P54     Evaluation of weather research and forecasting model's physical parameterizations for regional climate studies over Southern Ontario

 

Kamal, Mostofa, University of Waterloo, Candad, John C. Lin, University of Utah

 

In this study, the Weather Research and Forecasting (WRF) Model is used as a nested regional climate model to investigate the sensitivity of total precipitation, daily maximum, minimum, and mean temperature on physical parameterization schemes. The main objective is to identify the optimal choice of physical parameterizations for WRF over Southern Ontario region. Two sets of twelve off-line configurations were simulated for the month of January and July 2002, and compared against DAYMET gridded observations. Simulated precipitation shows overestimation in July but underestimation in January, and more sensitive to the selection of convective and PBL parameterizations. Moreover, WRF performs poorly while simulating extreme precipitation. In case of surface air temperature, model captured spatial heterogeneity well; however, the magnitude is systematically underestimated. The underestimation is higher in January and lower in July. WRF underestimates the daily minimum temperature while overestimates maximum temperature.
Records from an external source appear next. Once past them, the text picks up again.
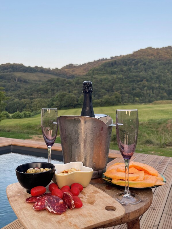 Outdoor dining - Galhareta - La Maison Rose, 18th century manor house with swimming pool in the Basque Country (Barcus)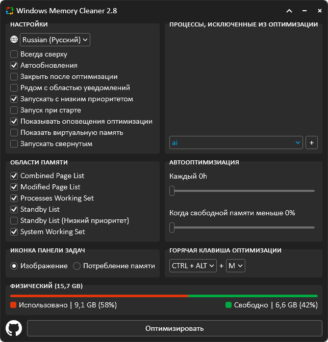 Вы можете выбрать, какую область памяти требуется очистить, какие процессы исключить. А также указать параметры автоочистки по времени или по заполнению памяти.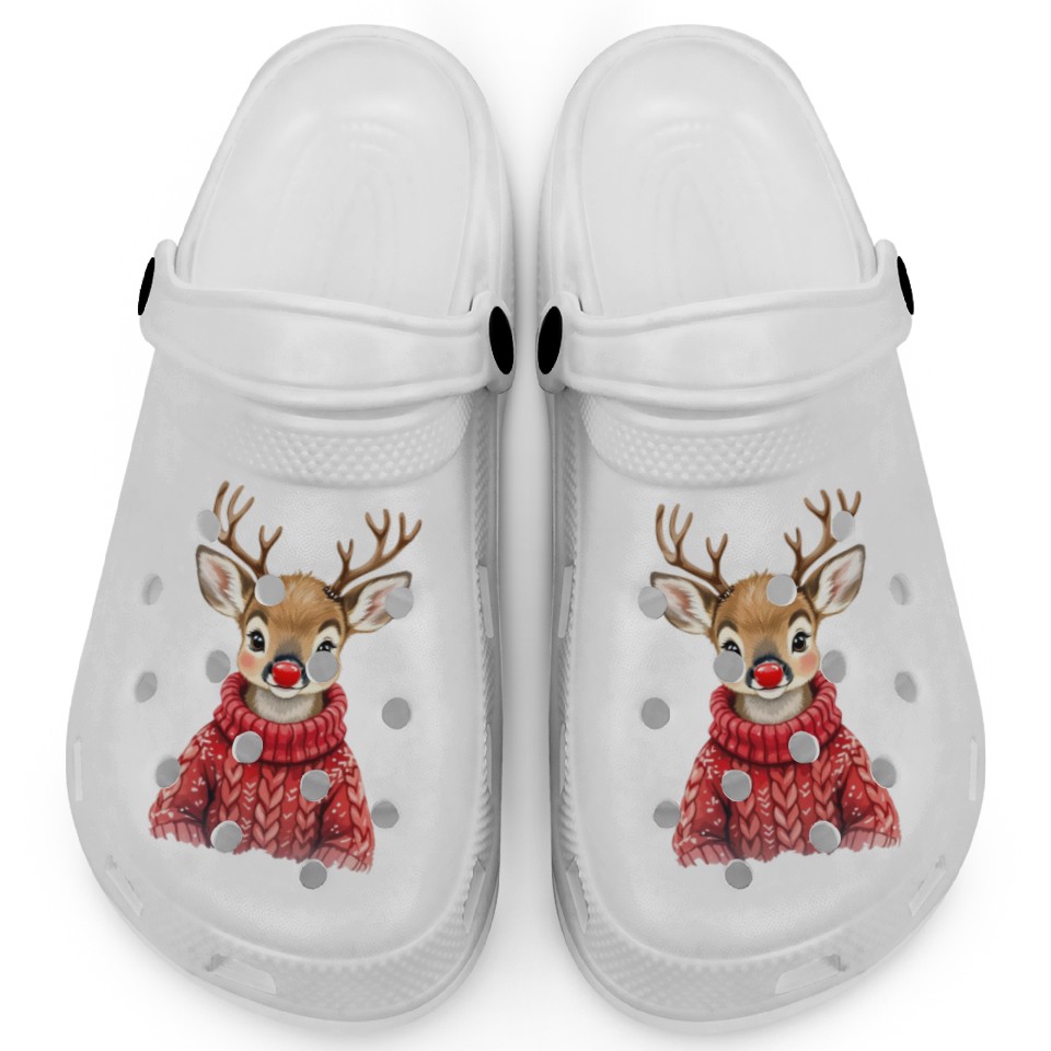 You are shopping for a stunning and trendy product Festive Reindeer with Red Nose Sweater Clogs For Kids WHITE belong theme Clogs at Printblur

Temperature is most sensitive to PBL schemes followed by Microphysics. Taylor diagram analysis shows that WRF precipitation and temperature are in good agreement with the DAYMET observations with correlation coefficient 0.6~0.8 and >0.9, respectively. These results indicate that optimum selection of parameterization combinations are thus indispensable before configuring WRF for a regional climate change assessment.